The scientists' backpacks contained only the miniaturized power equipment to electrify their clothing and operate their communicators, but Igwanda's and his troops' had additional utilities. One was a metal detector linked to his helmet, which he immediately activated by a timed eyeblink and focused on each native in turn. There was no feedback; either all three were really unarmed or the natives had not yet applied their new iron technology to weaponry. Since the latter seemed improbable—iron holds an edge vastly better than any kind of unprocessed stone—he tentatively concluded that in this group, at least, there was no immediate threat.

With that concern abated for the moment, Igwanda focused his attention on the gathering before him. Each group of three sat together facing the other, leaving, he noticed, each with a clear line of retreat to their fellows. All appeared to be sitting in comfortable and evidently relaxed positions, although Igwanda noted that the aliens could afford this militarily much better than the humans; they could arise almost instantly by merely flexing their hindquarters, whereas the humans would have to first gather their legs beneath them.

Schooling himself to disregard the gross physical differences that on Earth were often a major barrier to interspecies, sometimes even interracial, individual recognition, Igwanda could soon make out clear distinctions in the aliens' appearances. All three had the oversize, slightly iridescent but pupil-less eyes of their species, but they were of somewhat different hues—Joe's beige with pink overtones, Gus' a pale chartreuse, Akakha's a slightly deeper tan.
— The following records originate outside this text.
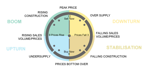 The following diagram illustrates the 4 quadrants of the property cycle/clock.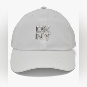 NWOT DKNY Women's White Baseball Cap/Hat With Silver Mettalic Raised Logo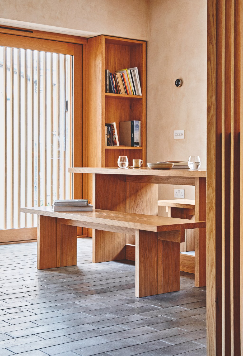 Die Bad-und Küchenzeile, der große Tisch mit Sitzbänken, zwei Regale, das Bett, das Sofa, selbst die Rahmung und Strebender Glasfront haben denselben Ursprung, dieselbe Maserung, die sich durch das Holz zieht. Im Oktober 2016 kauften Eilidh und Jack die ehemalige Hinterhofgarage. Das Apartment wurde komplett entkernt, ein neues Fenster aus der dicken Backsteinwand gebrochen und jedes Detail genau durchdacht. Was Eilidh und Jack nicht selbst schafften, übernahmen Freunde aus der Gegend: Die Holz arbeiten stammen vom ortsansässigen Tischler Namon Gaston, das handgetöpferte Geschirr von Rebecca Proctor aus Cornwall.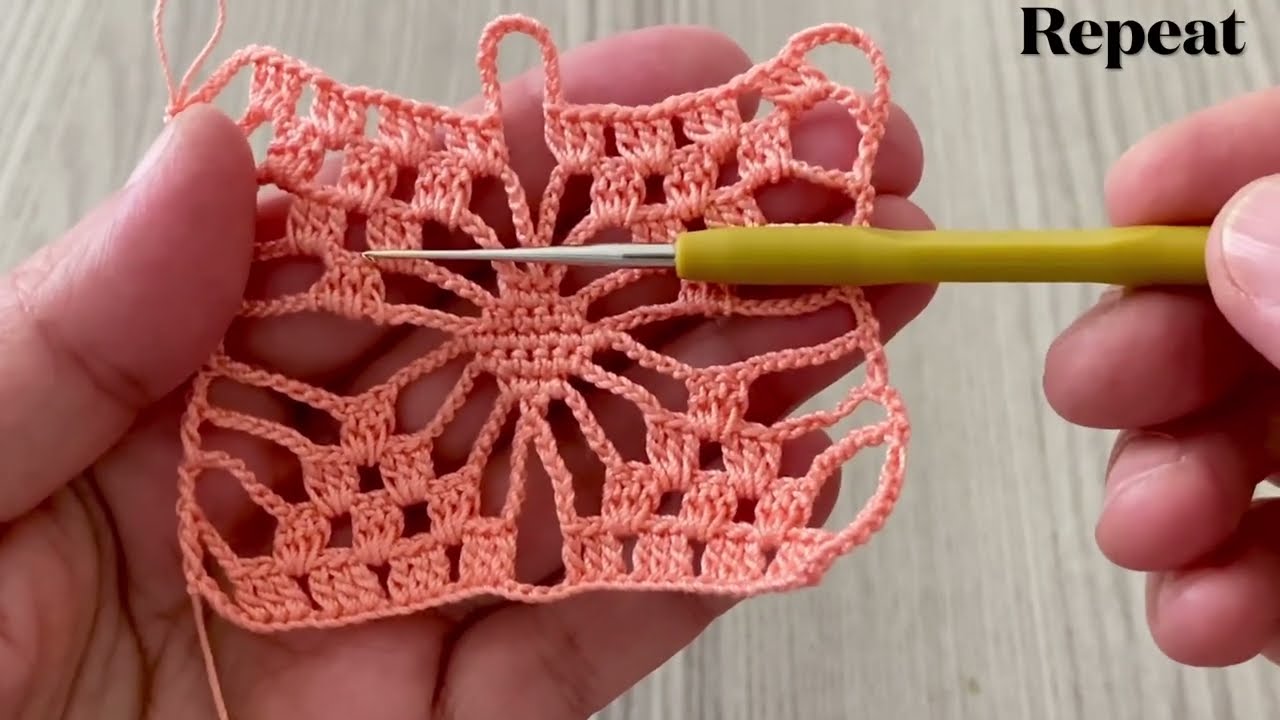 This motif uses double crochet (dc) and chain spaces to create an open grid—the classic “tile” look—that is easily joinable.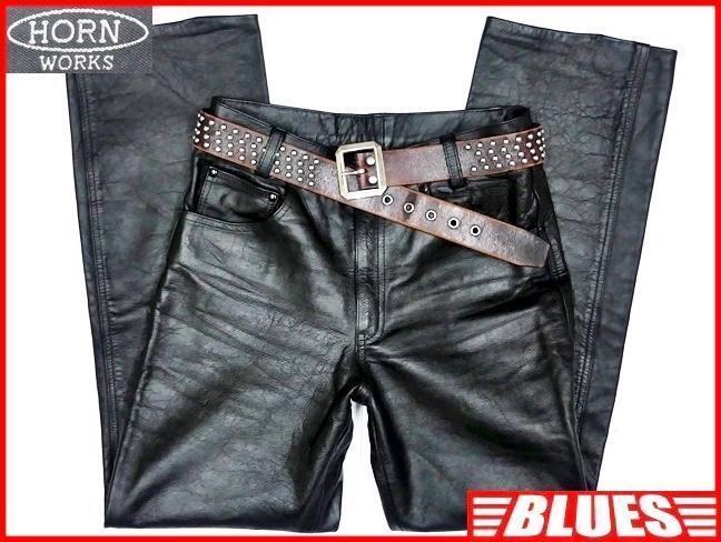 > 即決★HORN WORKS★W30 レザーパンツ ホーンワークス メンズ 黒 本革 ライダースパンツ 本皮 パンクロック ライディング ツーリング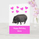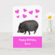 Photo mignonne d'un cochon vietnamien ceint de coeurs d'amour roses pour souhaiter un joyeux anniversaire à votre être aimé. Personnalisez facilement cette carte en modifiant le texte modèle à l'avant et à l'intérieur.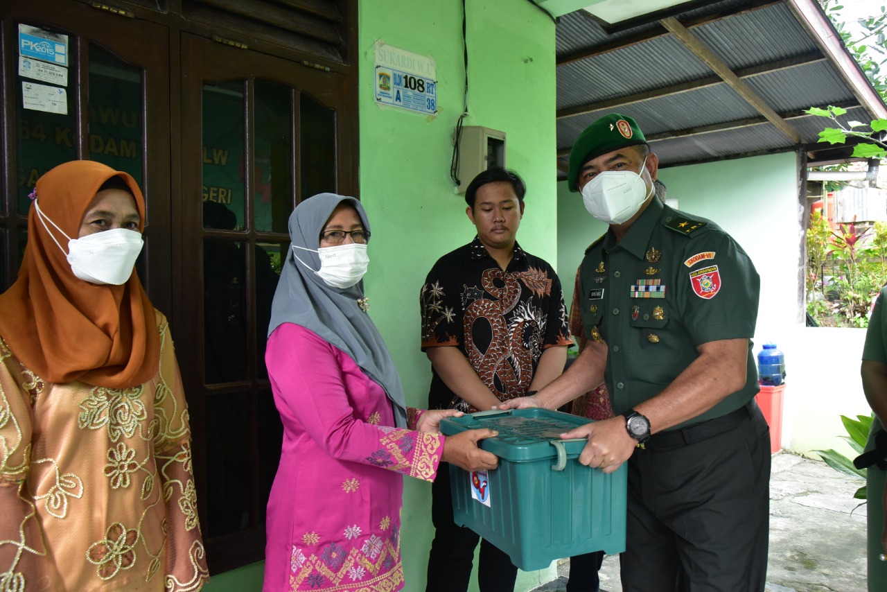 Serta Asrendam Kolonel Inf Bambang Yudi Kustiwa, S.Sos., M.M., bersilaturahmi Ny.Poniah istri alm. Sertu Purn Jaiman (satuan Bekangdam) dengan alamat Komplek Perum PT. Her Mandiri I kelurahan sepingan.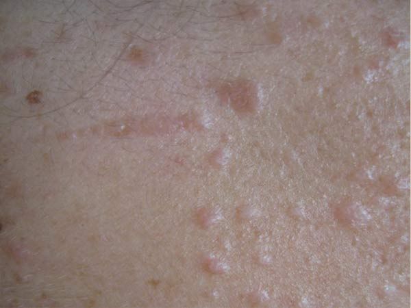 3、 扁平疣在早期时候疣体比较扁平,凹凸得不是很明显,并且疣体表面非常光滑,颜色多为淡褐色,另外,也有不少患者的扁平疣和皮肤正常颜色一样。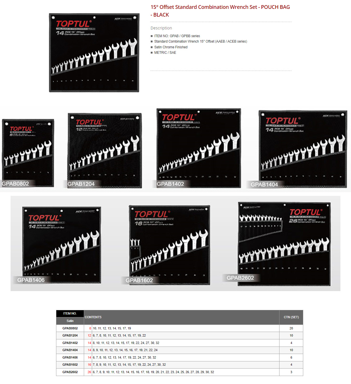 SIZE(mm) -POUCH BAG(BLACK) -15 ํ Offset Standard Combination Wrench Set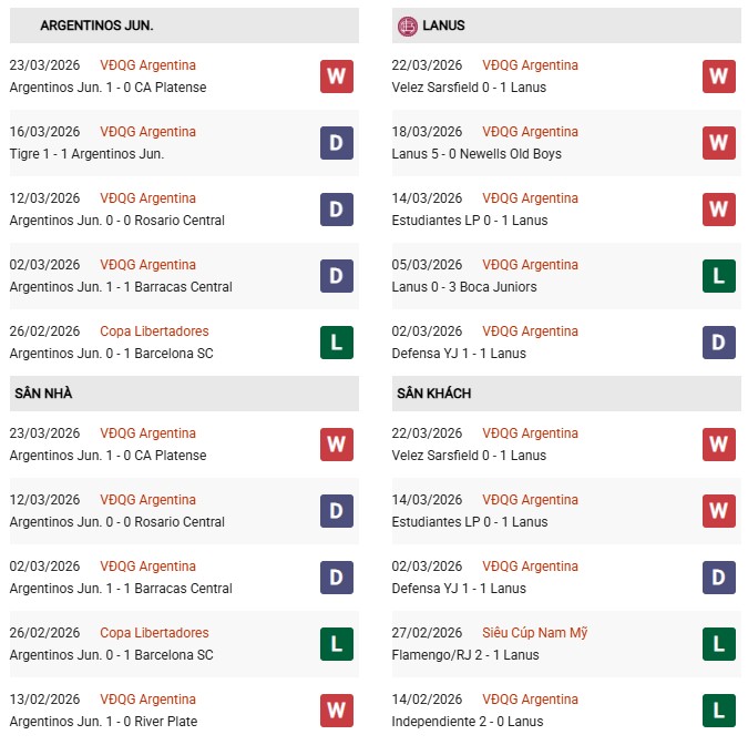 - Argentinos Juniors toàn thắng cả 2 trận đối đầu gần đây trước Lanus.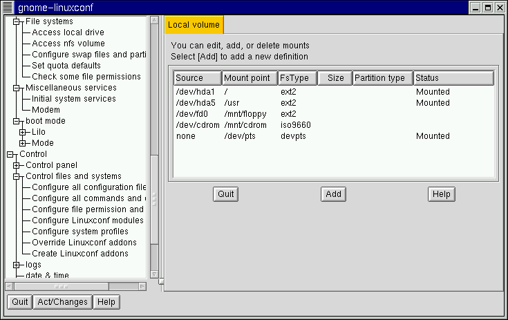 1. Open Control => Control files and systems => Configure linuxconf modules

There were slight differences in physiognomy, with Gus' face longer than Joe's and Akakha's noticeably squarer. Joe and Gus were fairly slender in build, with Joe being slightly the taller, while Akakha was more heavily set with what appeared to be musculature. Idly Igwanda wondered if Akakha had been selected for its physical prowess to match the armed human.
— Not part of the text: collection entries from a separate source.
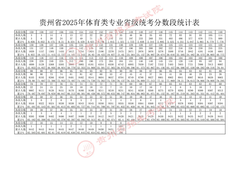根據(jù)《省教育廳關(guān)于做好貴州省2025年普通高等學(xué)校藝術(shù)、體育類專業(yè)考試招生工作的通知》(黔教發(fā)〔2024〕30號(hào))精神,貴州省2025年普通高校招生體育類專業(yè)省級(jí)統(tǒng)考錄取控制分?jǐn)?shù)線已劃定。
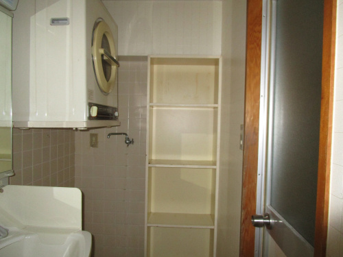 <改装前>洗面所とお風呂もスペースを広げ、長年使われた電気式乾燥機は最新型のガス衣類乾燥機に変更します!
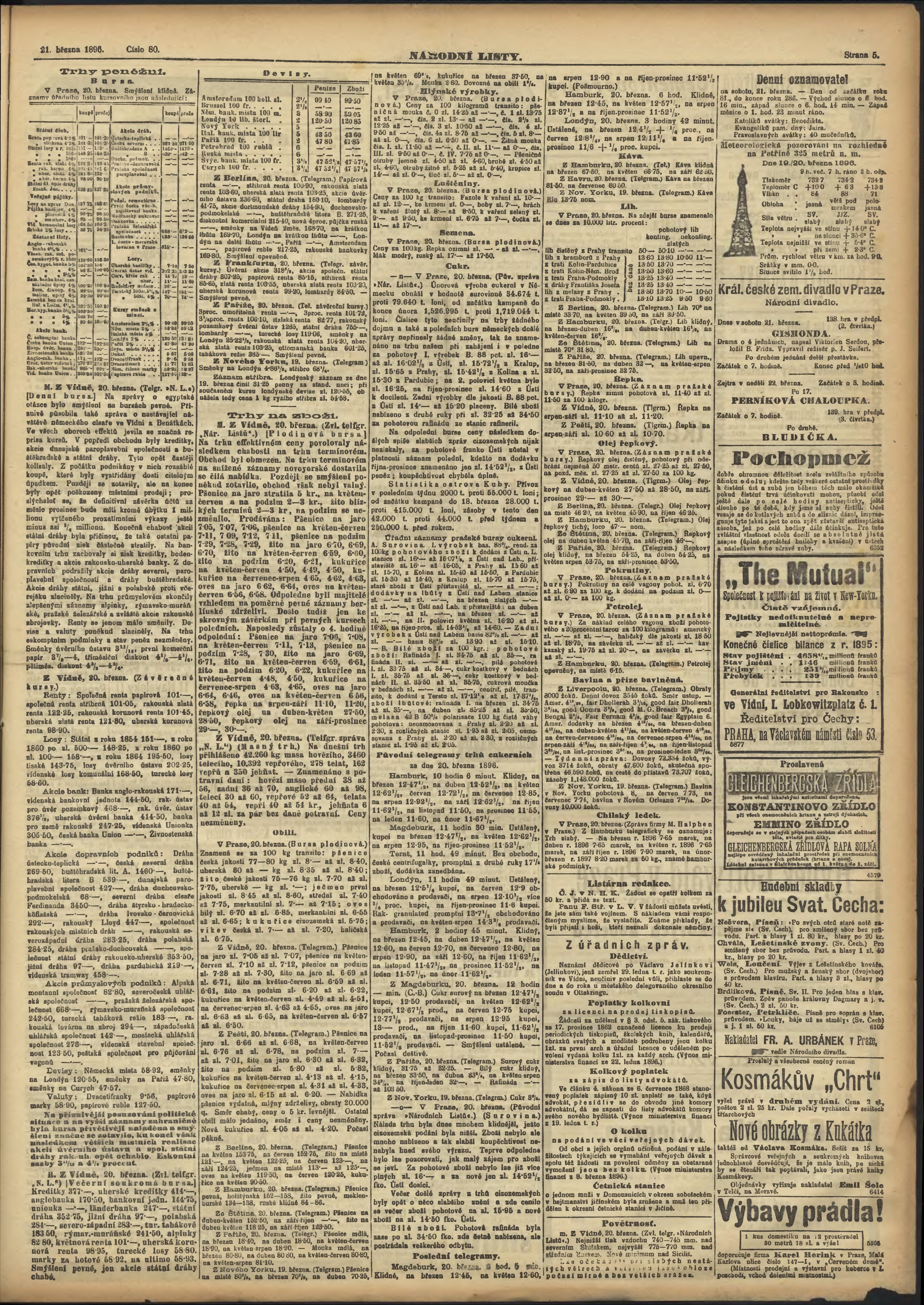 * Datum vydání výtisku: 21.3.1896 Číslo výtisku: 80

In manner, too, there were differences. Joe sat calmly, patiently opposite Meiersdottir but let its attention be drawn to whoever was speaking. Gus seemed more animated opposite Lee, not infrequently using its upper limbs to gesticulate. Akakha, by contrast, sat unmoving with its attention solely on Igwanda. On alert, the colonel mused. Ready to react if I make any suspicious moves.

To test the hypothesis he reached slowly around behind himself to scratch a nonexistent itch on his lower back. The effect was to move his hand in the general direction of his weapon holster, though he was careful to keep well clear of the laser itself. Once again he saw the same eye response in Akakha, even a little stronger; definitely an involuntary sign of heightened attention, he thought. There was, however, no indication of increased bodily tension in any of the natives. They may look relaxed, continued his thought, but they are ready for instant motion, no need to gear up. It was that way with the Argo, too; except for the shift in center of gravity, they struck instantly.

But there still seemed no immediate danger, and he turned his focus to the language lessons in which Lee and Gus were apparently wholly engaged, with occasional interjections from both Meiersdottir and Joe. It was quickly apparent that Lee's assessment of the aliens' learning curve had not been exaggerated. On board the Gardener during the doldrums of their warp transition, Lee had spent most of one crew meeting explaining the difficulties of exchanging lang­uage with no common referents.